Infrastructure bonds: Specifically labeled tax-free.

100% of interest is yours.

Advantage: Effectively 15% higher return than taxable bonds.

Example: 16% tax-free bond = equivalent to ~18.8% taxable bond.

T-Bills

Currently taxed at 15% withholding.

Strategies for Different Goals

Emergency Fund Top-Up

Use: 91-day T-Bills

Why: Short maturity, safe, better than savings account.

Roll over: Reinvest at maturity to keep money working.

Retirement Savings

Use: Long-term T-Bonds (10-20 years)

Why: Regular income (semi-annual coupons), safe, predictable.

Strategy: Build bond ladder (bonds maturing different years).

Child’s Education

Use: T-Bonds matching education timeline.

Example: Child is 8, university in 10 years → Buy 10-year bond.

Interest: Use for school fees now, or reinvest; principal for university.

Diversification from Stocks

Use: Mix of T-Bills and T-Bonds.

Allocation example: 60% stocks, 30% bonds, 10% cash.

Why: Bonds stable when stocks volatile—balances portfolio.

Comparing to Other Investments

Bonds vs Money Market Funds

Bonds:

  • Higher returns (15-17%)
  • Government guaranteed
  • Lock money (bonds) or short-term (bills)

MMFs:

  • Slightly lower (10-14%)
  • Very liquid (withdraw anytime)
  • Professionally managed

Best: Use both—MMFs for flexibility, bonds for higher returns on money you don’t need soon.

Bonds vs Fixed Deposits

Bonds: 15-17%, government-backed, tax-free options.

Fixed deposits: 7-11%, bank-backed, taxed.

Bonds clearly better for most investors.

Bonds vs Stocks

Bonds: Low risk, predictable returns, income-focused.

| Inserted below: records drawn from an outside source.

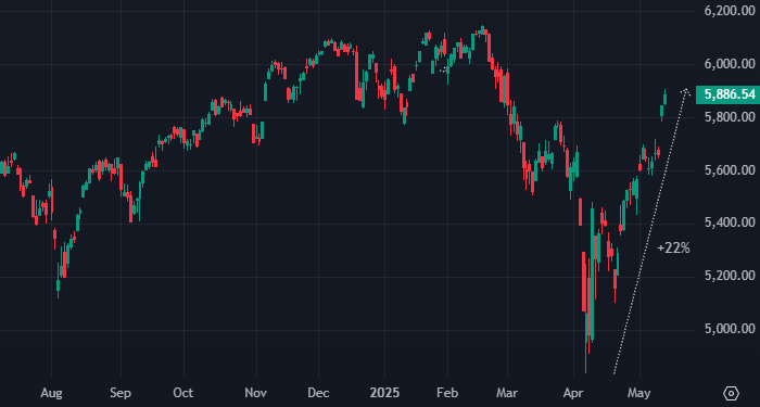 С минимумов апреля S&P 500 отскочил уже на 22%, и Дональд Трамп обещает, что рынок «пойдет намного выше». Об этом президент США сообщил во время инвестиционного форума в Эр-Рияде во вторник.
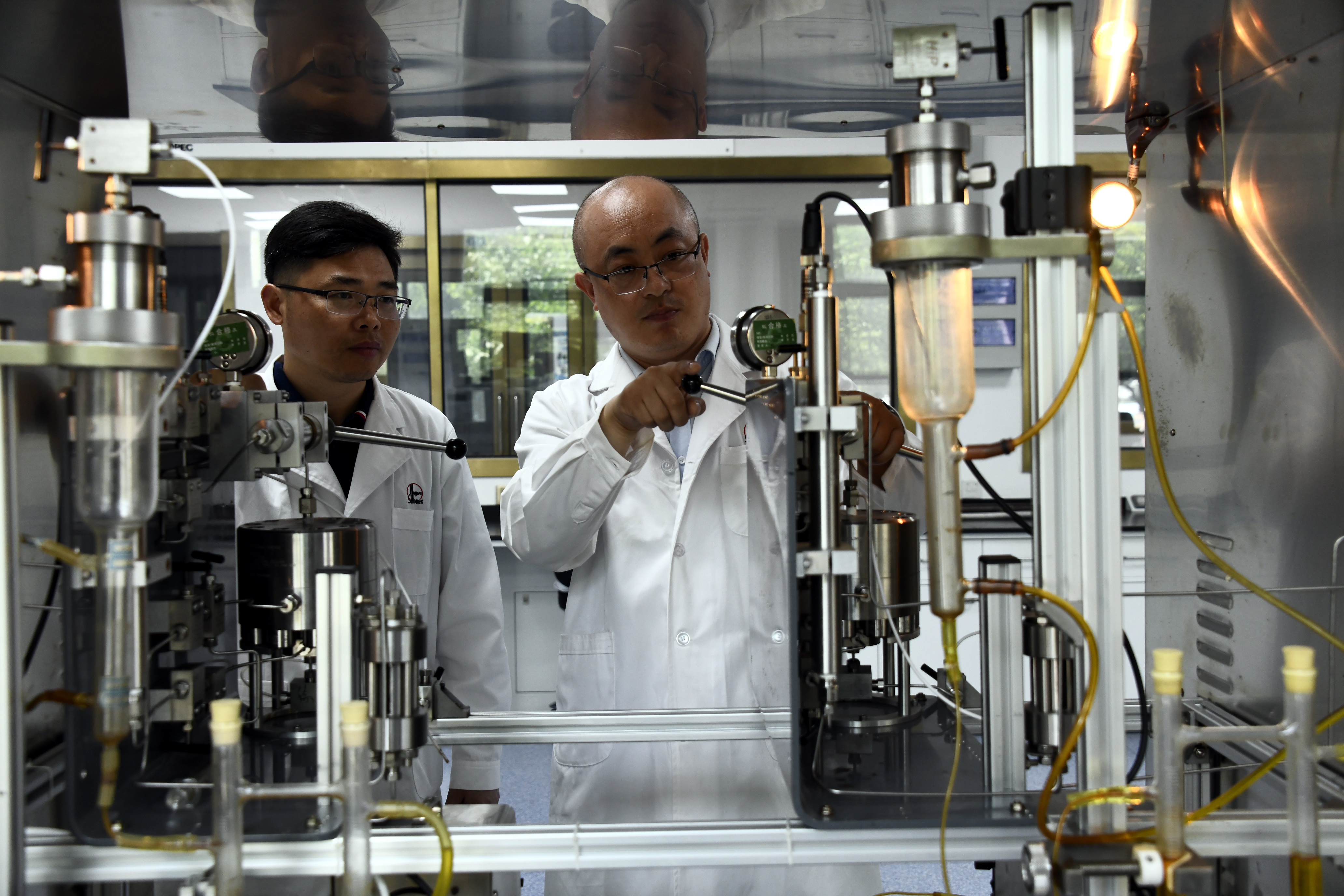 胜利油田CCUS攻关团队开展二氧化碳驱油与封存物理模拟实验。通讯员 朱克民 摄
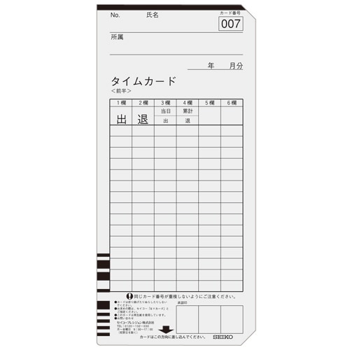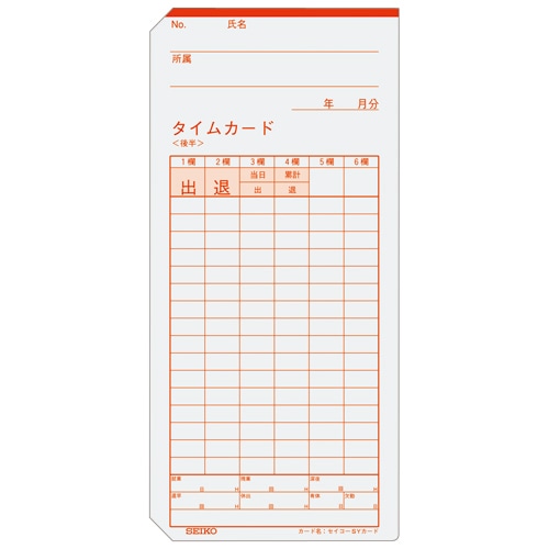 ●両面6欄・全締め日対応。●仕様/両面6欄・全締め日対応●1箱=100枚入※セイコーYカード(CA-Y)の代替としても使用可能です。●1枚ごとに「001」番から「100」番までのカード番号およびバーコード印刷あり

Stocks: Higher risk, potential 20-30% returns (or losses), growth-focused.

Best: Combine—bonds for stability, stocks for growth.

Tips for Success

  1. Start with non-competitive bids: Guaranteed acceptance, good for beginners.
  2. Use CBK direct (free!) rather than brokers (fees).
  3. Reinvest T-Bill proceeds: At maturity, roll into new T-Bill—compounding effect.
  4. Build bond ladder: Buy bonds maturing in different years—regular income, flexibility.
  5. Choose tax-free infrastructure bonds when available—higher effective return.
  6. Match term to goal: Need money in 1 year? T-Bills. 10 years? Long-term bond.
  7. Don’t sell bonds early: Hold to maturity to avoid secondary market losses.
  8. Track auction calendar: Set reminders for weekly T-Bill auctions.
  9. Diversify: Don’t put 100% in bonds—mix with stocks, real estate, other assets.
  10. Keep records: Track purchase details, interest payments for tax/planning.

Common Mistakes

  1. Buying bonds with money you’ll need soon: Can’t access without selling at loss.
  2. Ignoring tax status: Tax-free bonds often better than slightly higher taxable bonds.
  3. Paying broker fees when CBK direct is free.
  4. Panic selling bonds when interest rates rise (hold to maturity).
  5. Not reinvesting T-Bill proceeds: Missing compounding.
  6. Forgetting auction dates: Missing investment opportunities.
  7. Wrong bid type: Competitive bids rejected if rate too high.

Checklist: Getting Started

✅ Understand difference between T-Bills (short) and T-Bonds (long) ✅ Opened CDS account (via CBK website/bank) ✅ Received CDS number ✅ Registered on CBK mobile app or internet banking ✅ Checked auction calendar (weekly T-Bills, monthly T-Bonds) ✅ Decided: T-Bills or T-Bonds based on timeline ✅ Set aside minimum amount (KES 100k T-Bills, KES 50k T-Bonds) ✅ Placed first non-competitive bid ✅ Received confirmation and interest payment details ✅ Set calendar reminders for interest/maturity dates

Next Steps

  1. Visit centralbank.go.ke today—download CDS forms
  2. Open CDS account this week (at CBK or authorized bank)
  3. Download CBK mobile app—easiest bidding method
  4. Check next auction date—usually every Thursday for T-Bills
  5. Start with KES 100,000 in 91-day T-Bill (shortest, test the process)
  6. At maturity (3 months), reinvest or try 182-day/364-day bill
  7. After comfort with T-Bills, try T-Bonds for long-term goals
  8. Build habit: Weekly/monthly investing via auctions

Treasury bonds and bills are Kenya’s safest, most accessible high-return investments. Government-backed, predictable, and currently offering 15-17% returns—far better than bank accounts. Open your CDS account, place your first bid, and start earning reliable interest. Your path to safe, steady wealth growth starts now!